(Beginning of Material to process)

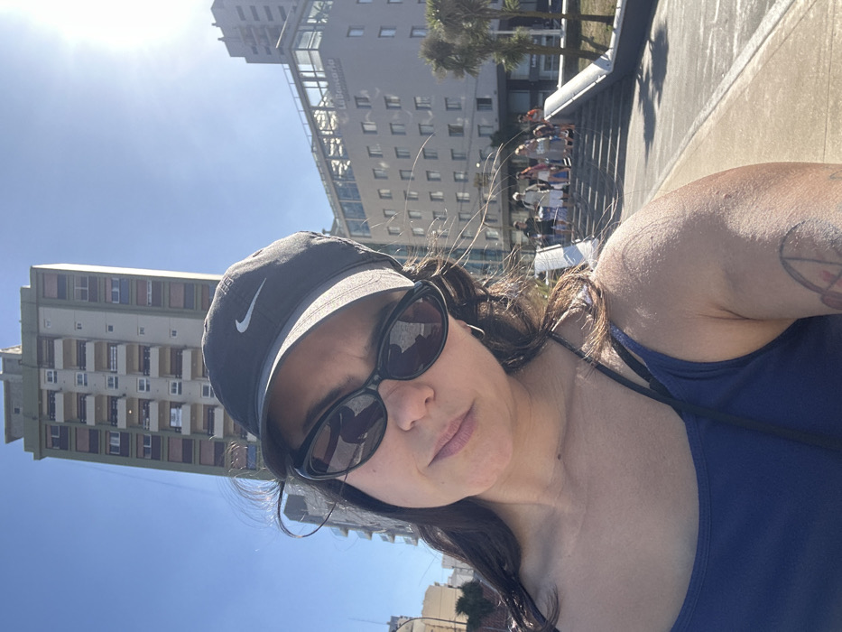 A woman in sunglasses and a Nike cap poses for a selfie. She is wearing a blue top. Tall buildings stand in the background under a bright sky. A group of people are also visible behind a railing. The image is slightly angled, giving a dynamic perspective.
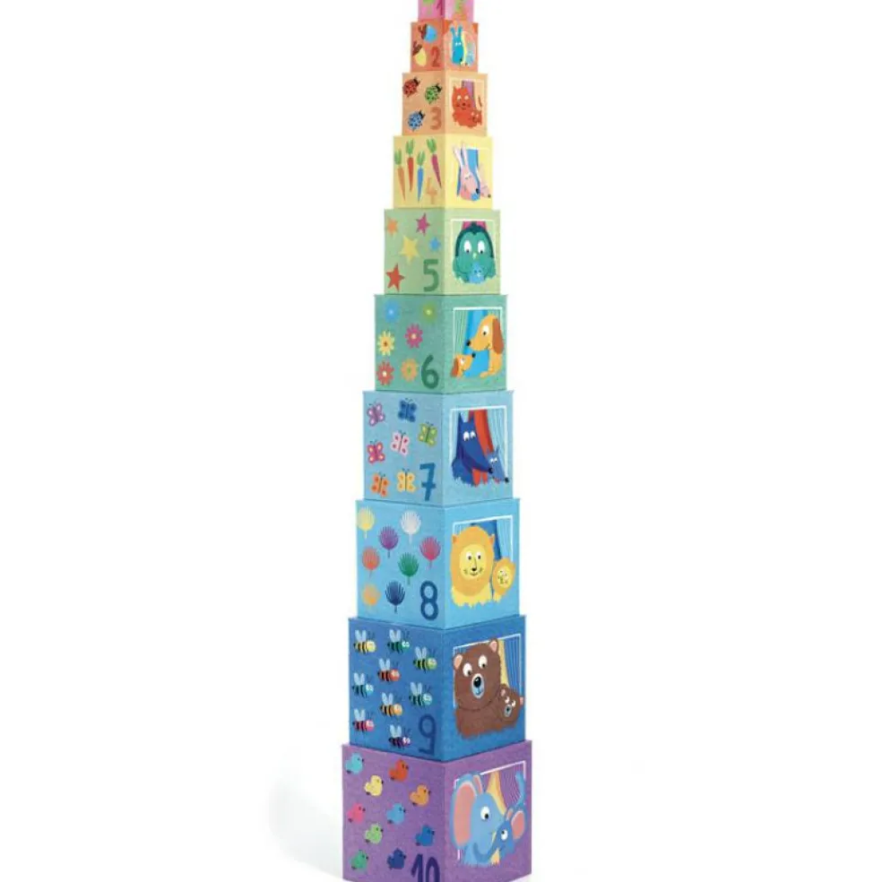 Composé de 10 cubes en carton résistant, illustrés d’animaux, de chiffres, de couleurs et d’objets du quotidien, ce jouet permet à votre enfant de construire, empiler, renverser et recommencer… tout en développant sa motricité et son sens de l’observation.
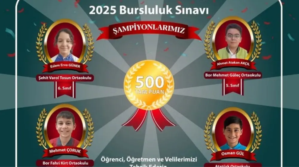 Tam puan alarak şampiyon olan Eslin Erva Güner - Şehit Varol Tosun Ortaokulu, Ahmet Atakan Akçıl - Bor Mehmet Güleç Ortaokulu, Mehmet Çoruk - Bor Fahri Kirt Ortaokulu ve Osman Gül - Atatürk Ortaokulu öğrencilerinin tebrik edildiği açıklamada; "2025 Bursluluk Sınavı’nda 500 tam puan alarak bizleri gururlandıran öğrencilerimizi, bu başarıda emeği geçen öğretmenlerimizi ve destek veren velilerimizi tebrik ediyoruz" ifadelerine yer verildi.
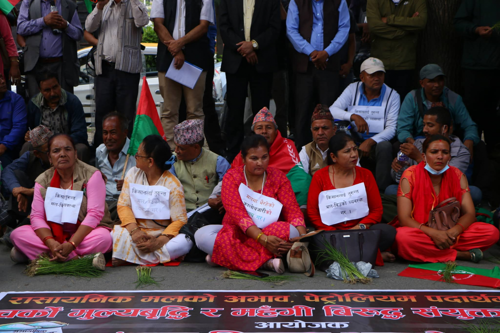 किसान महासंघ र अखिल नेपाल किसान युनियनले बुधबार रासायनिक मलको अभाव, पेट्रोलियम पदार्थमा भएको चर्को मूल्यवृद्धि र महँगीविरुद्ध संयुक्त रूपमा प्रदर्शन गरेको हो । आन्दोलनरत किसानहरुले बढ्दो महँगी नियन्त्रण गर, किसानलाई तुरुन्त मल-बीउको व्यवस्था गर, मलमा भइरहेको कालोबजारीको अन्त्य गरलगायत नारा लेखिएका प्लेकार्डहरु प्रदर्शनसमेत गरेका थिए ।
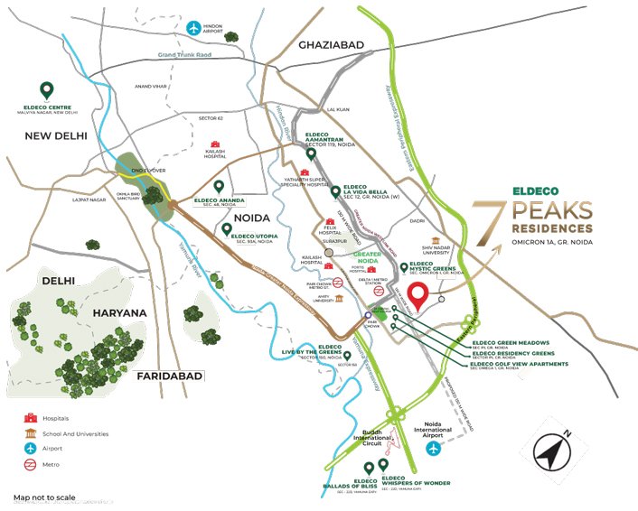 Prime Location Advantage: Eldeco 7 Peaks Residences is strategically located in Sector Omicron 1A, Greater Noida, a fast-growing residential hub with excellent infrastructure development. The project enjoys seamless connectivity to major destinations through the Noida–Greater Noida Link Road, ensuring smooth travel across NCR.
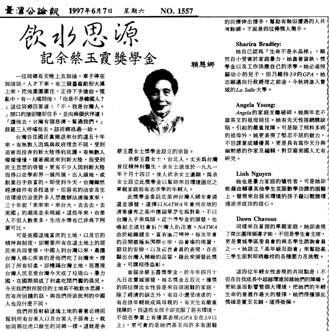 77. 余蔡玉霞女士獎學金 February 16, 2017 Admin1 01. Awards Offered by T.A. Individuals and Organizations Source from Taiwan Tribune Issues 1557, 06/07/1997 Posted in 02/2017
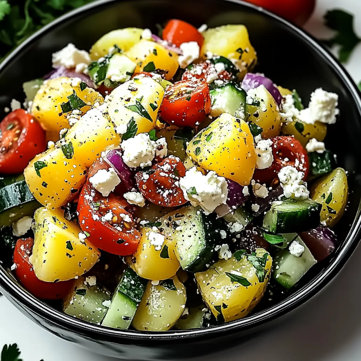 - Add parsley, red onion, cucumber, tomatoes, olives, and feta to the potatoes. Toss gently.
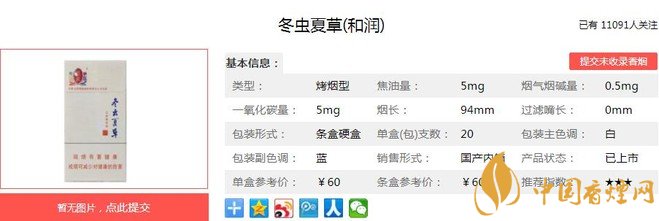 冬蟲(chóng)夏草(和潤(rùn))煙支長(zhǎng):97mm,烤煙型,包裝形式:條盒硬盒(每盒 20支,每條 10 盒)。煙嘴長(zhǎng):5mm。用云南優(yōu)質(zhì)煙葉為主料,配以福建、貴州等地的上等煙葉,經(jīng)過(guò)嚴(yán)格的原料挑選、精細(xì)加工,使煙絲色澤油潤(rùn)光鮮。下面我們一起來(lái)看冬蟲(chóng)夏草(和潤(rùn))的參數(shù)信息:焦油量:5mg 煙堿量:0.5mg 一氧化碳量5mg
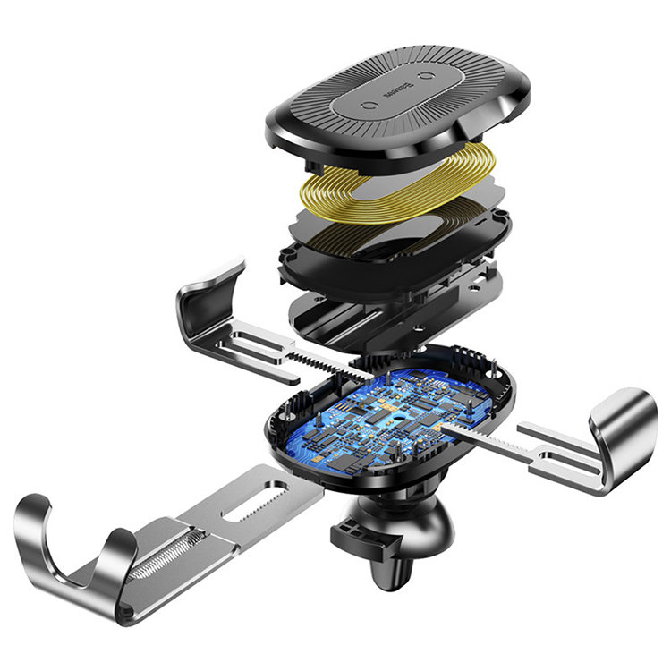 Автодержатель с беспроводной зарядкой Baseus Car Gravity Mount with Fast Wireless Charger Серебро
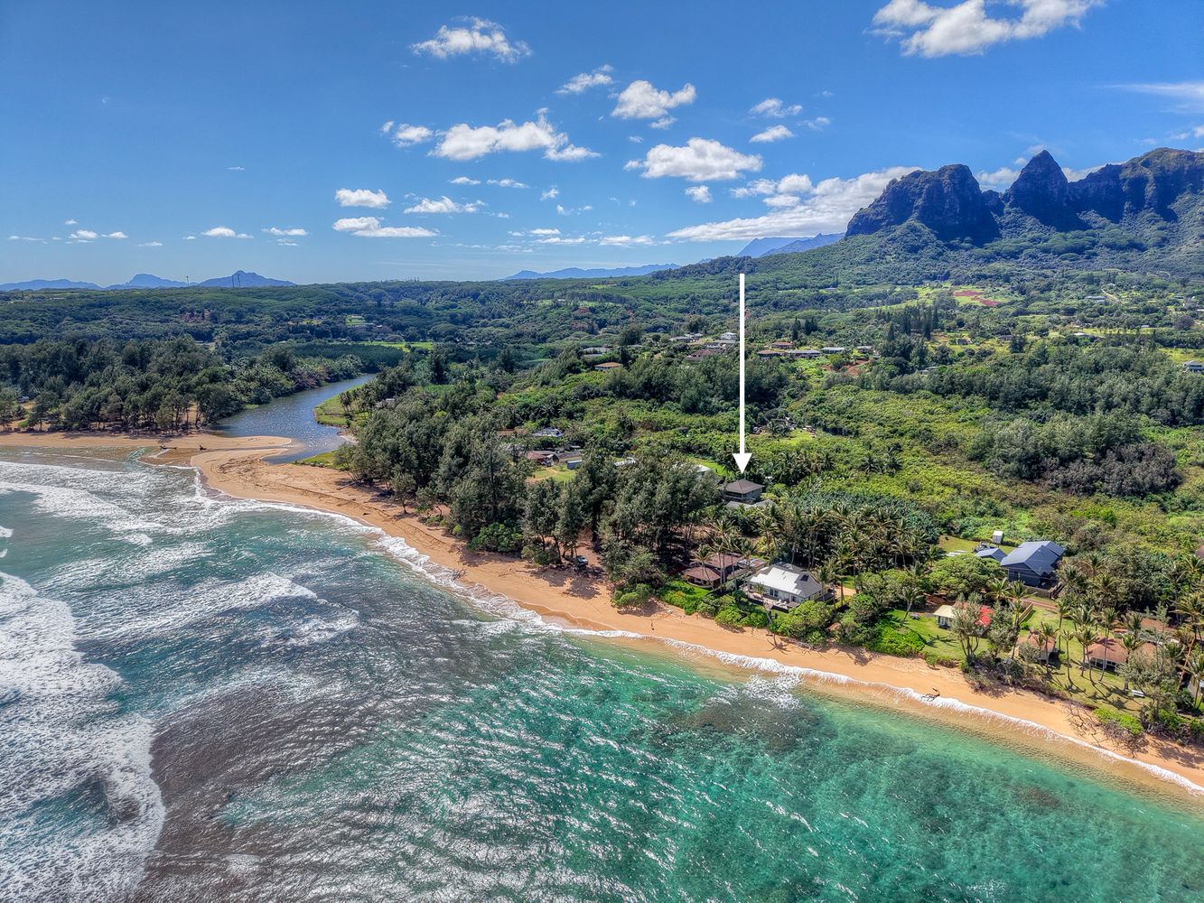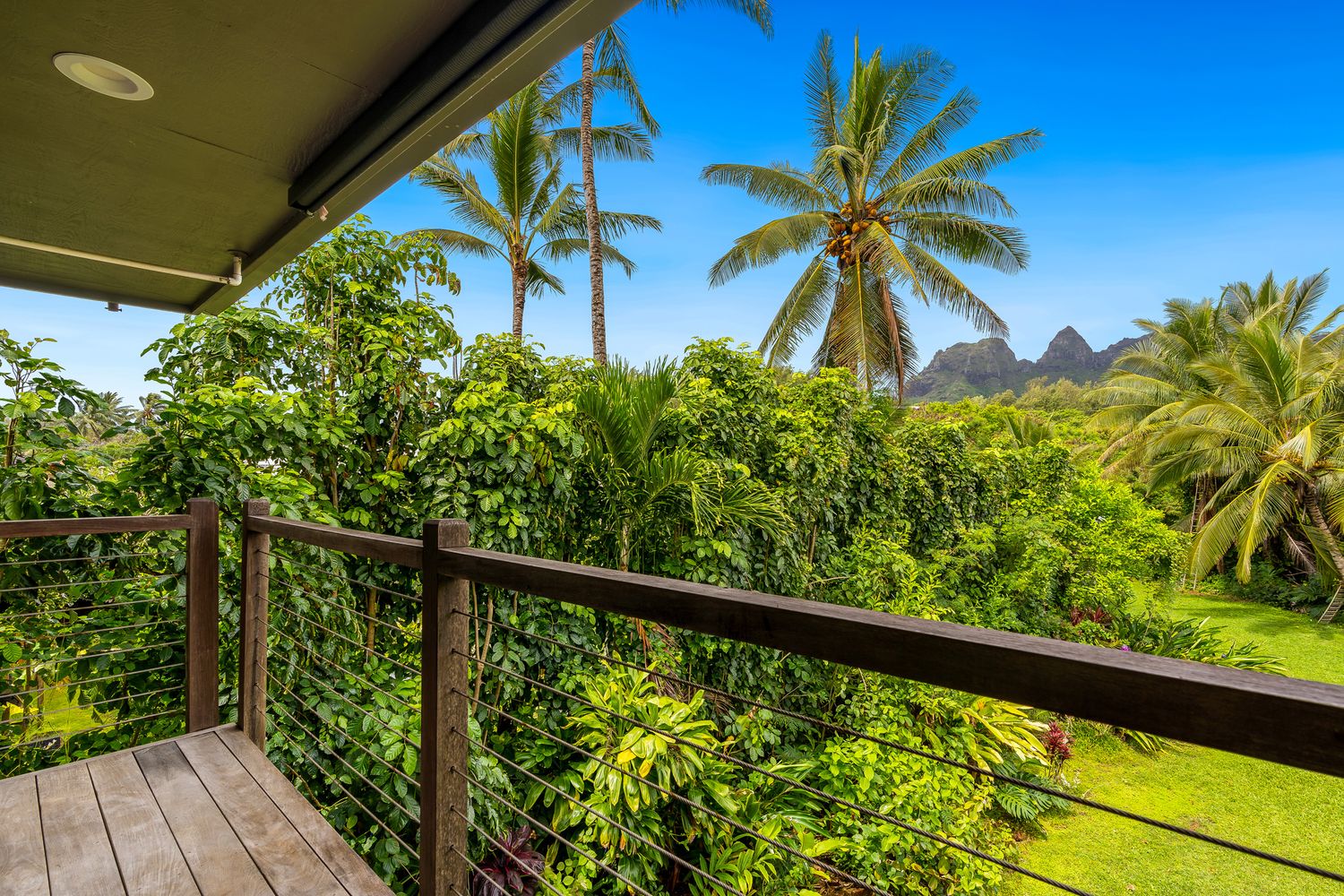 This beautiful 2-bedroom, 1.5-bath oceanview home is located in a quiet, low-density beachside community on Kaua‘i’s northeastern shore, designed for indoor-outdoor island living.

(End of Material to process)

An exact copy is needed. It runs from the line above containing "किसान महासंघ र" down to the line containing "Prime Location Advantage: Eldeco", both included, with no pictures.

Exercise output:
 किसान महासंघ र अखिल नेपाल किसान युनियनले बुधबार रासायनिक मलको अभाव, पेट्रोलियम पदार्थमा भएको चर्को मूल्यवृद्धि र महँगीविरुद्ध संयुक्त रूपमा प्रदर्शन गरेको हो । आन्दोलनरत किसानहरुले बढ्दो महँगी नियन्त्रण गर, किसानलाई तुरुन्त मल-बीउको व्यवस्था गर, मलमा भइरहेको कालोबजारीको अन्त्य गरलगायत नारा लेखिएका प्लेकार्डहरु प्रदर्शनसमेत गरेका थिए ।
 Prime Location Advantage: Eldeco 7 Peaks Residences is strategically located in Sector Omicron 1A, Greater Noida, a fast-growing residential hub with excellent infrastructure development. The project enjoys seamless connectivity to major destinations through the Noida–Greater Noida Link Road, ensuring smooth travel across NCR.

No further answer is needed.